[英]Casting float to int in C++
int uniquePaths(int m, int n) {
int num = m+n-2;
int den=1;
double ans = 1;
while(den<=m-1) {
ans = ans*(num--)/(den++);
}
cout<<ans;
return (int)ans;
}
The expected answer for m=53, n=4 as input to the above piece of code is 26235 but the code returns 26234. However, the stdout shows 26235.作为上述代码段输入的 m=53、n=4 的预期答案是 26235,但代码返回 26234。
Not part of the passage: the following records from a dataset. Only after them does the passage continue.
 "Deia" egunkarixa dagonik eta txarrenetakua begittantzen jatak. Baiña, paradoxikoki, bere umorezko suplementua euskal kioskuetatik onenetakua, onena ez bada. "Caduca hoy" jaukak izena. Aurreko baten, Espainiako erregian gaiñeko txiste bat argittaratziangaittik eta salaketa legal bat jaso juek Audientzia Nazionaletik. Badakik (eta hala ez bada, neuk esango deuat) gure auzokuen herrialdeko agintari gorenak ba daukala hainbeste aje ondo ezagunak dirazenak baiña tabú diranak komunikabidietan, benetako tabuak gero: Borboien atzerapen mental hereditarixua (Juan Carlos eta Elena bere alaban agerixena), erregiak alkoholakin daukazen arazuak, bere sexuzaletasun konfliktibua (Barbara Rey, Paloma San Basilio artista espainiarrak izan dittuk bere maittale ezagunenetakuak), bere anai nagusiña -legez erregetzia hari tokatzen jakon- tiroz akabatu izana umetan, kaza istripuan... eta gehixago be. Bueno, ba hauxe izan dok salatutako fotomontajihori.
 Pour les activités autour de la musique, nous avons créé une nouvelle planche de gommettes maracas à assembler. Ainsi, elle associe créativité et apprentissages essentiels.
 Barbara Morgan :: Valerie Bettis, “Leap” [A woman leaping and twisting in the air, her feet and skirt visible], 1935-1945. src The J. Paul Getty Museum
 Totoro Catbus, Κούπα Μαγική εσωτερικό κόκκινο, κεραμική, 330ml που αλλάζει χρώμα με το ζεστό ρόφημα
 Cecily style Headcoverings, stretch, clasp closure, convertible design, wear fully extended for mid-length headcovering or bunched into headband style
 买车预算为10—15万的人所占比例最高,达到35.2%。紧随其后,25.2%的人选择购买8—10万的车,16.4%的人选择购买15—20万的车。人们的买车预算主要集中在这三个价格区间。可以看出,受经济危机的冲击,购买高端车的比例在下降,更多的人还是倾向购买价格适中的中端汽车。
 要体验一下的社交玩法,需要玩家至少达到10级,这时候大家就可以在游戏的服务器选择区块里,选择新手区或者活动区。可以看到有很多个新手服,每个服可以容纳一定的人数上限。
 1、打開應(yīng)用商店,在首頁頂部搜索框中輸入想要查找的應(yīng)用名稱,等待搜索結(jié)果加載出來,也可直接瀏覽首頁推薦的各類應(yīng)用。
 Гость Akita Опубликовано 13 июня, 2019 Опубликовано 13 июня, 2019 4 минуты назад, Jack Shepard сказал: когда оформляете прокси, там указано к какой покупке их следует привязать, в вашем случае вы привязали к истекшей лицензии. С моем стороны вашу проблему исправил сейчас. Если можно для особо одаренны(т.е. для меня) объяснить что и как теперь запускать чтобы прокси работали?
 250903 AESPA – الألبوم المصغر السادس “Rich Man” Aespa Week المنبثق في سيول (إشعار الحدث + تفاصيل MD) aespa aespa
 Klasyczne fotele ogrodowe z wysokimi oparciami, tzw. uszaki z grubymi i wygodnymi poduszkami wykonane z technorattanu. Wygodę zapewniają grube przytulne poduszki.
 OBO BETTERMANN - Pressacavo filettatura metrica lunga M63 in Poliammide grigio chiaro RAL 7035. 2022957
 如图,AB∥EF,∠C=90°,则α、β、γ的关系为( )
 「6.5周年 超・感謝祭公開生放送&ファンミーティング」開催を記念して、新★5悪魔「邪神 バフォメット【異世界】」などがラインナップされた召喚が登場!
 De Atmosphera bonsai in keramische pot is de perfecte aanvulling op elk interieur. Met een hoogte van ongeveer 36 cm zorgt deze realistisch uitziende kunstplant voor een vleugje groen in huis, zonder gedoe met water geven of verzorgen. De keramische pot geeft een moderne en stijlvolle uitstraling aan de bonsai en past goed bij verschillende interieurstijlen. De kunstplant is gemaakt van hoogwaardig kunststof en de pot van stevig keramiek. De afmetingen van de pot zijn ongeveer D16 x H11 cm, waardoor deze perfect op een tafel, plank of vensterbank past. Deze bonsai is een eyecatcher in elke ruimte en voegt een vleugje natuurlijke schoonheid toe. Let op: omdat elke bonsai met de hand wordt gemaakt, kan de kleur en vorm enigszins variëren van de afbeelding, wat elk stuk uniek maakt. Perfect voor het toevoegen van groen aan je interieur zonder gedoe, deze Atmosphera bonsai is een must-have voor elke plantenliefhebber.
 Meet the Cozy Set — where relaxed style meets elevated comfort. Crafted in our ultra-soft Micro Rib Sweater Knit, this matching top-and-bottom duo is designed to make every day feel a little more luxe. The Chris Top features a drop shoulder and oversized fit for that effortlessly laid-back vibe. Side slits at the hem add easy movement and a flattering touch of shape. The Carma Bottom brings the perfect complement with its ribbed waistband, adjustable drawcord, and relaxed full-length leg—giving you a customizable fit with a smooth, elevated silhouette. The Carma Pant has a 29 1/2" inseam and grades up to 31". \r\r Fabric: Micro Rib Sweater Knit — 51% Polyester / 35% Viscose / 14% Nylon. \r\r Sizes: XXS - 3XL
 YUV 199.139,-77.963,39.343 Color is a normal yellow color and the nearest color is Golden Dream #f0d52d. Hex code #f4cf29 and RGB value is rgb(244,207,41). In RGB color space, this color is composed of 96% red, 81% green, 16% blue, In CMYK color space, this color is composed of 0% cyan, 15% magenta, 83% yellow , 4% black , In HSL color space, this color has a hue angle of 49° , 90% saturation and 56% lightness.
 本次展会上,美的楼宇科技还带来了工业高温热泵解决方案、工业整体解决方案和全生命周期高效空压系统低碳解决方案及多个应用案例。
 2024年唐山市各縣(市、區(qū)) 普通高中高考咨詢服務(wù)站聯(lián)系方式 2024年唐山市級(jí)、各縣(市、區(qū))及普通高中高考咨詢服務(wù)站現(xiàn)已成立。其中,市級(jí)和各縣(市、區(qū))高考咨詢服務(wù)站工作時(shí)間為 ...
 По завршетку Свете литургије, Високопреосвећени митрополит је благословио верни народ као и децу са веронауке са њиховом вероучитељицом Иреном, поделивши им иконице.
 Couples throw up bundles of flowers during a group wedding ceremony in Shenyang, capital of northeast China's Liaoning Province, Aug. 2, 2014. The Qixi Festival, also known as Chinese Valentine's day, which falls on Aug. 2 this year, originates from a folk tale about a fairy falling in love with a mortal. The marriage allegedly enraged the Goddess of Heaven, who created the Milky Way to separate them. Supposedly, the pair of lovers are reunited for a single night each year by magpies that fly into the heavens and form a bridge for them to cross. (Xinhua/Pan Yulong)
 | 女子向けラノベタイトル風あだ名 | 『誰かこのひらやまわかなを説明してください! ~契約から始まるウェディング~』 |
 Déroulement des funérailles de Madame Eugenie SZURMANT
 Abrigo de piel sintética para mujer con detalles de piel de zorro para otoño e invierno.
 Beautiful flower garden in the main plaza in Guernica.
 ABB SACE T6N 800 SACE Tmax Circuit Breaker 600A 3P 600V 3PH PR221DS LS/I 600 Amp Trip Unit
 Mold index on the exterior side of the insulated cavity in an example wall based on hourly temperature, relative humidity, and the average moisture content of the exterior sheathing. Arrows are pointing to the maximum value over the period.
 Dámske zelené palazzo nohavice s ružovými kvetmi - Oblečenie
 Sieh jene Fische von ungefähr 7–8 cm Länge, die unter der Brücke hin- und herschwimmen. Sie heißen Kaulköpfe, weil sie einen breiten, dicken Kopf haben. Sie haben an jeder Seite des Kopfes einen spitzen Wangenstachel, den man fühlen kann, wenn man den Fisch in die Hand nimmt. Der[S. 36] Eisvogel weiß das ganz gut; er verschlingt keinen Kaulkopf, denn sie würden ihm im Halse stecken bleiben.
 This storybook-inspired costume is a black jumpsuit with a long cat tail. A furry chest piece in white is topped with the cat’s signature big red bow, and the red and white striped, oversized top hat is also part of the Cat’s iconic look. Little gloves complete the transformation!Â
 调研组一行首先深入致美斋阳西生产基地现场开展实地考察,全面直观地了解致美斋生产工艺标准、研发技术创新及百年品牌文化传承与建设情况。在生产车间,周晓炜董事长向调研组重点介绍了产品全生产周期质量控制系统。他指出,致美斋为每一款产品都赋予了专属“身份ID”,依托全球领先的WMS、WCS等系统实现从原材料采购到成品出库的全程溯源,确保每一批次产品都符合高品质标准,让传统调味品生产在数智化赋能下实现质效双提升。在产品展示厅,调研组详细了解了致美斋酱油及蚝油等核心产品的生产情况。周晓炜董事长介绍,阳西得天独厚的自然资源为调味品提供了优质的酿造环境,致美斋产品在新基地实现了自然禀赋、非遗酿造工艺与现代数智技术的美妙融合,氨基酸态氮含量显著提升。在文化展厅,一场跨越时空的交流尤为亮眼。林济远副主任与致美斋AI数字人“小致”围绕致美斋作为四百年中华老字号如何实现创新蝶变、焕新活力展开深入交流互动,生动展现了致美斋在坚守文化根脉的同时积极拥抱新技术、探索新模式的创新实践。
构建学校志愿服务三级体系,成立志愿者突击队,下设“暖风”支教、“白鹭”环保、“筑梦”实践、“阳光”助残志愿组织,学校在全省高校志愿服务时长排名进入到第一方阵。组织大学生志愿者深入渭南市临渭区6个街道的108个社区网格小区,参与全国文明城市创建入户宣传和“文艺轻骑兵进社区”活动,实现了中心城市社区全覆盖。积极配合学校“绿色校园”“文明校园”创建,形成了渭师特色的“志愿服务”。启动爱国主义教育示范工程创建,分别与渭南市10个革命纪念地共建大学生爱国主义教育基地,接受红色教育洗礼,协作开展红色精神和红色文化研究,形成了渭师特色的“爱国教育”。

但是,stdout 显示 26235。
Could you please help me understand this behavior?你能帮我理解这种行为吗?
Due to floating-point rounding, your code computes ans
to be 26,234.999999999985448084771633148193359375.由于浮点舍入,您的代码计算出ans
为 26,234.999999999985448084771633148193359375。 When it is printed with cout<<ans
, the default formatting does not show the full value and rounds it to “26235”.当使用cout<<ans
打印时,默认格式不显示完整值并将其四舍五入为“26235”。 However, when the actual value is converted to int
, the result is 26,234.但是,当实际值转换为int
时,结果为 26,234。
After setting num
to m+n-2
, your code is computing num
!将num
设置为m+n-2
后,您的代码正在计算num
! / (( m-1
)!( num-m+1
),), which of course equals num
! / (( m-1
)!( num-m+1
),), 当然等于num
! / (( num-m+1
)!( m-1
).), Thus, you can use either m-1
or num-m+1
as the limit. / (( num-m+1
)!( m-1
).),因此,您可以使用m-1
或num-m+1
作为极限。 So you can change the while
line to these two lines:因此,您可以将while
行更改为这两行:
int limit = m-1 < num-m+1 ? m-1 : num-m+1;
while(den<=limit) {
and then your code will run to the lower limit, which will avoid dividing ans
by factors that are not yet in it.然后你的代码将运行到下限,这将避免将ans
除以尚未包含的因素。 All results will be exact integer results, with no rounding errors, unless you try to calculate a result that exceeds the range of your double
format where it is able to represent all integers (up to 2 53 in the ubiquitous IEEE-754 binary64 format used for double
).所有结果都将是精确的 integer 结果,没有舍入错误,除非您尝试计算的结果超出double
精度格式的范围,在该范围内它能够表示所有整数(在使用的无处不在的 IEEE-754 binary64 格式中最多为 2 53对于double
)。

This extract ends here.